Thrombin-activatable fibrinolysis inhibitor (TAFI): a novel predictor of angiographic coronary restenosis
Bibliographic record
Abstract
The fibrinolytic system is closely related to several processes that are involved in restenosis. We previously showed that low PAI-1 plasma levels predicted restenosis. Recently, a different fibrinolytic inhibitor, TAFI, has been described. The aims of this study were to evaluate the relationship between pre-procedural plasma levels of TAFI and late angiographic restenosis and the interaction between TAFI and PAI-1.We prospectively studied 159 patients with stable angina who underwent successful elective angioplasty or stenting of de novo native coronary artery lesions.

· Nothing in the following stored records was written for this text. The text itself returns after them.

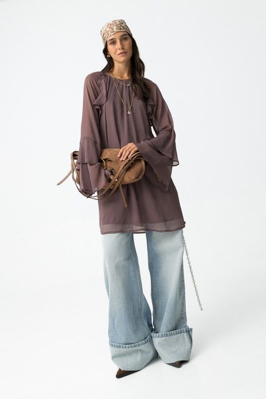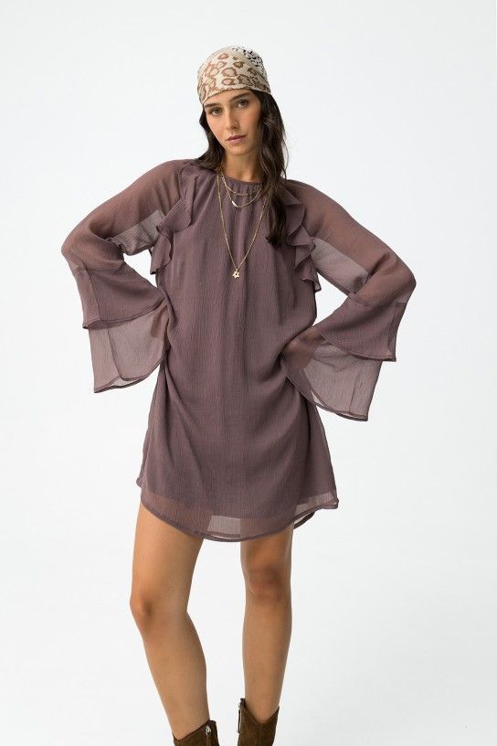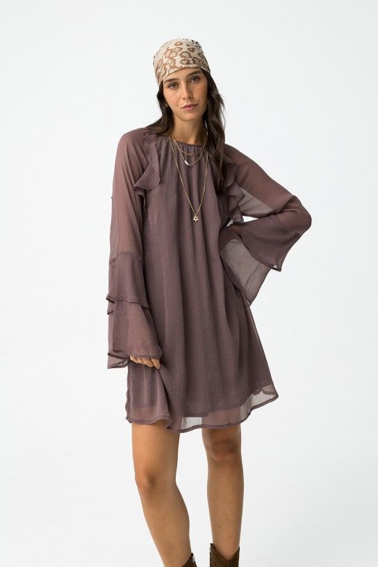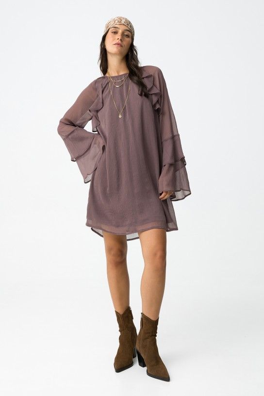 Invierno marrón moda nuevacoleccion otoño poliester tiffosi vestido vestidosedita volantes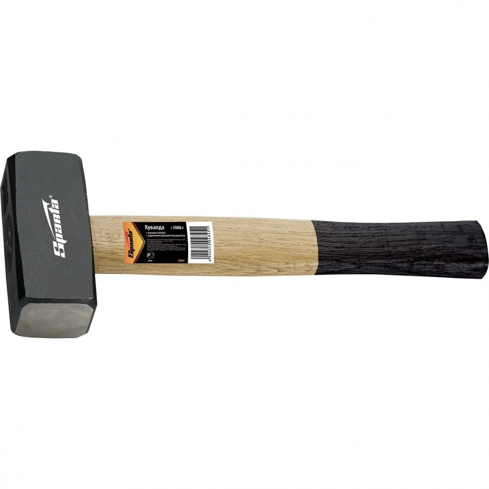 Кувалда Sparta 10907 длиной 310 мм, с бойком весом 1500 г, кованой головкой и деревянной двухцветной рукояткой, — ударный инструмент, которым можно наносить аккуратные контролируемые удары, чтобы выправить форму детали, забить большой гвоздь или скобу. Слегка выпуклый боек, изготовленный методом ковки и отшлифованный с двух сторон, отличается надежностью. Кувалда используется в быту для проведения строительных работ и ремонта автомобилей. ПреимуществаДеформационная стойкость — боек из среднеуглеродистой стали 45, закаленной токами высокой частоты до твердости 40-45 HRC, не расколется и не расплющится при ударе о металл. Безопасная работа — с граней ударных поверхностей сняты фаски, что предотвращает откалывание мелких частиц во время работы. Устойчивость к разрушению — лакированная деревянная рукоять не рассыхается, голова кувалды покрыта черным лаком для защиты от коррозии. Надежная фиксация бойка — рукоятка расклинена в голове и залита смолой. Комфортная работа —деревянная рукоять не выскальзывает из ладони.
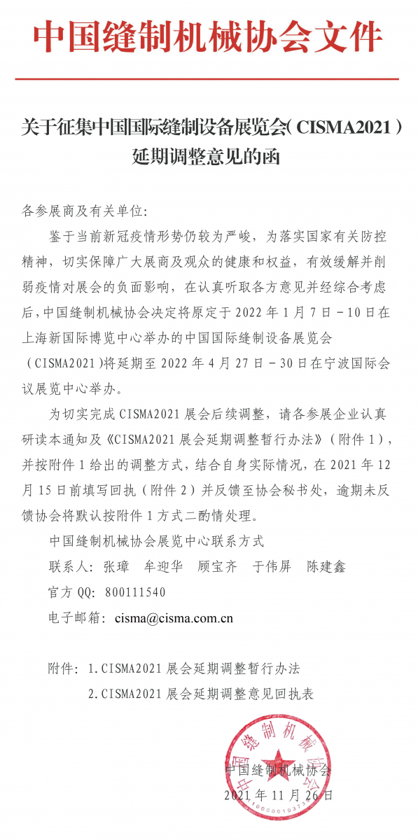 鑒于當前新冠疫情形勢仍較為嚴峻,為落實國家有關防控精神,切實保障廣大展商及觀眾的健康和權益,有效緩解并削弱疫情對展會的負面影響,在認真聽取各方意見并經綜合考慮后,主辦方決定:原定于2022年1月7日-10日在上海新國際博覽中心舉辦的中國國際縫制設備展覽會(CISMA2021)將延期至2022年4月27日-30日在寧波國際會議展覽中心舉辦。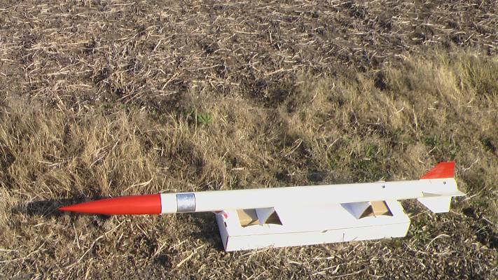 ARCAS mail rocket on launch pad at Gananoque aerodrome.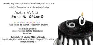 Gradska knjižnica i čitaonica "Metel Ožegović" Varaždin srdačno Vas poziva na predstavljanje knjige Mi se ne grlimo autorice Nastje Kulović. O knjizi će govoriti moderatorica Nataša Štambuk i autorica. Četvrtak, 19. ožujka 2026. u 18 sati u Gradskoj knjižnici i čitaonici "Metel Ožegović" Varaždin, Franjevački trg 4.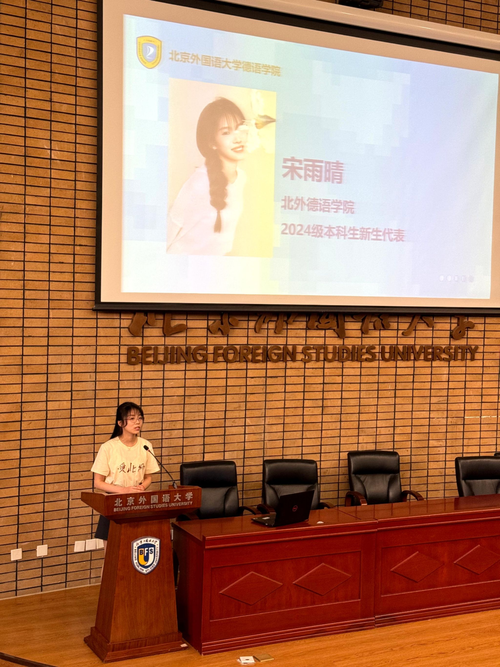 2024级本科新生代表宋雨晴同学从收到录取通知书的喜悦讲起,谈到当今局势和未来发展,强调了蓝鲸体育人的历史使命。她表示,大家怀揣着对外语的热爱相聚于此,未来更应风雨兼程、共创辉煌。

TAFI and PAI-1 antigen levels were measured in plasma samples drawn before the procedure. Follow-up coronary angiography was performed in 92% of patients. There was a significant correlation between pre-procedural TAFI levels and 6-month % diameter stenosis (DS) (r = 0.21; p = 0.013). The overall angiographic restenosis rate (DS>50%) was 31%. Pre-procedural TAFI levels were significantly higher in patients with restenosis (108 +/- 33% versus 94+/-30%, p = 0.011). Restenosis rates for patients in the upper tertile of TAFI levels were 2-fold higher than for those in the lowest tertile (45% versus 22%; p = 0.016). A combination of high TAFI and low PAI-1 levels identified patients at the highest risk of restenosis (53%) compared to 14% in patients with low TAFI and high PAI-1 levels; p = 0.027. In conclusion, pre-procedural plasma TAFI antigen levels identify patients at increased risk for restenosis after PCI.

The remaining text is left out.